Remix.run Logo
zargon 4 days ago

The best VRAM calculator I have found is https://apxml.com/tools/vram-calculator. It is much more thorough than this one. For example, it understands different models' attention schemes for correct KV cache size calculation, and supports quantization of both the model and the KV cache. Also, fine-tuning. It has its own limitations, such as only supporting specific models. In practice though, the generic calculators are not very useful because model architectures vary (mainly the KV cache) and end up being way off. (Not sure whether or not it would be better to discuss it separately, but I submitted it at https://news.ycombinator.com/item?id=44677409)

oktoberpaard 4 days ago | parent | next [-]

It gives weird results for me. I’m using Qwen3-32B with 32K context length at Q4_K_M, with 8 bit KV cache fully offloaded to 24GB VRAM. According to this calculator this should be impossible by a large margin, yet it’s working for me.

Edit: this might be because I’ve got flash attention enabled in Ollama.

zeroq 4 days ago | parent | prev | next [-]

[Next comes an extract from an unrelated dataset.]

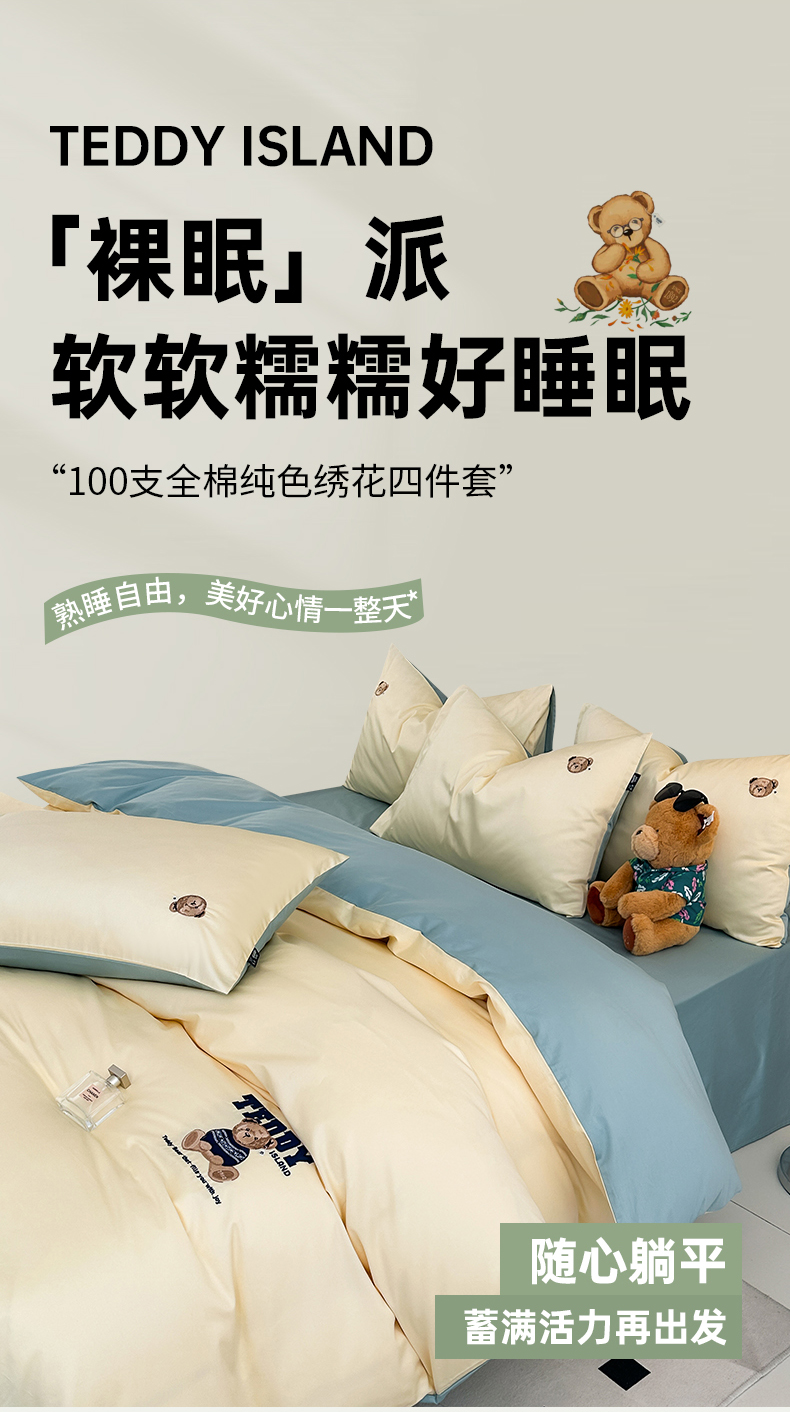 当前位置: 91家纺网 > 商品网购 > 床品套件 > 四件套 > 其它四件套 > 泰迪爱兰Teddy ISLAND 2026新款100支绣花(50支)三件套四件套 雪梨+青铜绿

This one is indeed much better and it instantly answers my immediate feedback I wanted to leave for the one originally posted, which is - instead of calculating an artificial scenario I would like to state what can I run on the hardware I actually have at hand. Thanks!

jwrallie 4 days ago | parent | prev | next [-]

Nice! I could have saved so much time downloading models to do trial end error with this.

yepyip 4 days ago | parent | prev [-]

Somehow you have to login now, to use it. It wasn't like this a few weeks ago...

mdaniel 4 days ago | parent [-]

That is not my experience, maybe your IP is flagged as hammering their site?

yepyip 3 days ago | parent [-]

Oh, I wasn't aware of this. But how can you hammer a calculator? Yes, I have used it like 50 times, checking how big would be a Q4, or smaller model with different batch sizes and concurrent users. Do you think it is a heavy calculation?